Adding Multi-Modal Support to a Chatbot Without Rebuilding Backend
This case study shows how we integrated images, audio, and documents into a chatbot with Acontext. Unified session management and message storage reduced a 5–7 day build to just one day.

TL;DR
We added multi-modal support (images, audio, and documents) to a chatbot using Acontext, which simplified session management, message storage, and multi-format message conversion. What would have taken us 5-7 days to implement from scratch was reduced to 1 day with Acontext. In this post, we break down the process, from integrating Acontext for session management to enabling multi-modal capabilities, showing how this approach can save developers significant time and effort.

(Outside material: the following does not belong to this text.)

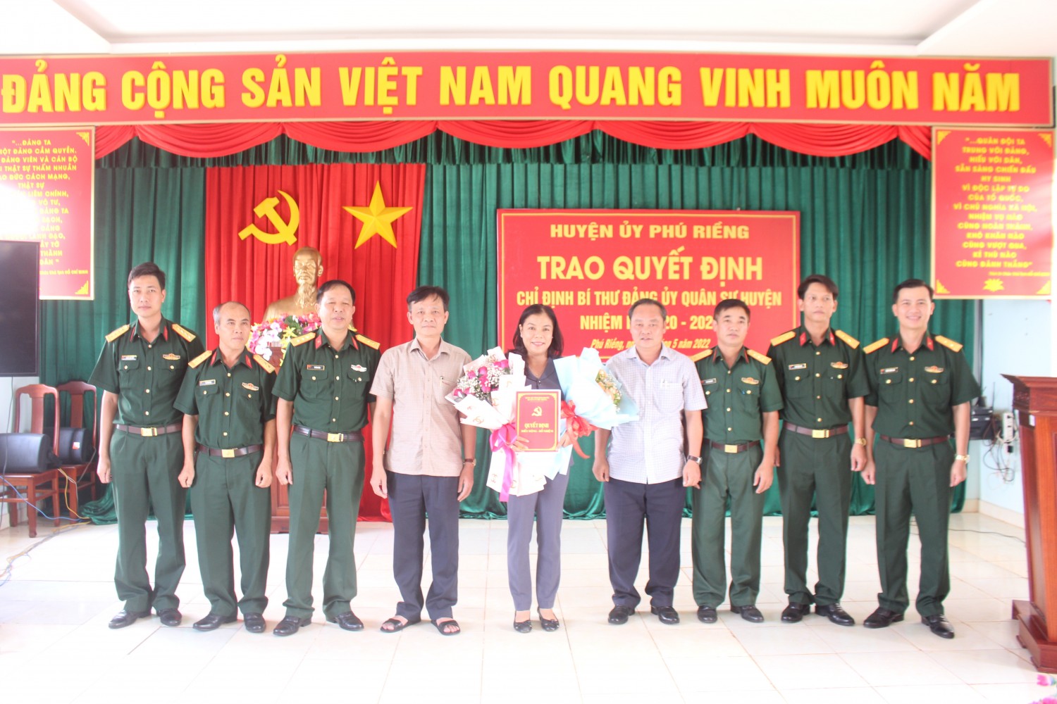 Chiều nay 5-5, Huyện ủy Phú Riềng tổ chức trao quyết định chỉ định Bí thư Đảng ủy Quân sự huyện nhiệm kỳ 2020-2025. Dự buổi lễ có đồng chí Nguyễn Thị Xuân Hòa, TUV, Bí thư Huyện ủy; Nguyễn Quốc Soài, Phó Bí thư Thường trực Huyện ủy, Chủ tịch HĐND huyện; Lê Anh Nam, Phó Bí thư, Chủ tịch UBND huyện. Lãnh đạo các Phòng của Bộ CHQS tỉnh cùng dự. Theo đó, đồng chí Trần Mạnh Tuyển, UV.BTV, Trưởng ban Tổ chức Huyện ủy thông qua Quyết định số 595-QQĐ/HU của Huyện ủy Phú Riềng chỉ định đồng chí Nguyễn Thị Xuân Hòa, TUV, Bí thư Huyện ủy tham gia Ban chấp hành Đảng bộ, giữ chức Bí thư Đảng ủy Quân sự huyện, nhiệm kỳ 2020-2025. Phát biểu nhận nhiệm vụ, đồng chí Nguyễn Thị Xuân Hòa TUV, Bí thư Huyện ủy trân trọng cảm ơn và ghi nhận những đóng góp cống hiến của đồng chí Trần Văn Lân, nguyên Bí thư Huyện ủy, nguyên Bí thư Đảng ủy Quân sự huyện đã lãnh đạo, chỉ đạo Đảng bộ huyện đạt được những quả quan trọng trong công tác quân sự, quốc phòng của địa phương. Đồng chí cho biết sẽ kế thừa những thành quả của Đảng bộ quân sự huyện, cùng các đồng chí trong Đảng bộ đồng thuận, hiệp tâm, nỗ lực cố gắng, xây dựng hoàn thành thắng lợi Nghị quyết Đại hội Đảng bộ huyện cũng như Nghị quyết Đảng bộ Quân sự huyện đã đề ra. Đồng chí Trần Mạnh Tuyển, UV.BTV, Trưởng ban Tổ chức Huyện ủy thông qua Quyết định

The Goal: Enabling Multi-Modal Support in a Chatbot
The objective was to add support for images, audio, and documents to the chatbot, while ensuring that the conversation history and user sessions were handled properly. These features not only enhance the chatbot's interaction capabilities but also demand a backend that can handle a variety of data types and provide seamless storage and retrieval.
Challenges We Faced:
- Message Format Conversion: Different LLM providers, such as OpenAI, Anthropic, and Gemini, use different message formats, which complicates integration.
- Multi-Modal Handling: Managing images, audio, and documents across various platforms required writing custom handling code for each format.
- Session Management: Rolling our own session management meant dealing with databases, edge cases, and migrations.
- Token Management: Truncating conversation history to stay within token limits while preserving important context was a tricky problem to solve.
How Acontext Simplified the Process
Step 1: Setting Up Basic Session Management
The first task was to set up session management. Acontext made it easy by handling session storage automatically. Here’s what we did:
- Set up the Acontext client: We integrated the Acontext client into the project to manage message persistence and session creation.
- Replaced in-memory message handling: Instead of manually managing message history, we used Acontext sessions to automatically store and retrieve user messages.
Step 2: Adding Multi-Modal Support
With basic session management in place, we added multi-modal support for images, audio, and documents:
- File upload UI: We built a simple user interface to upload images, audio, and documents.
- Convert files to base64: The files were encoded into base64 format, making them compatible with the message format we needed for OpenAI.
- Store multi-modal messages: Acontext handled the storage and conversion of multi-modal content, ensuring compatibility with multiple AI models.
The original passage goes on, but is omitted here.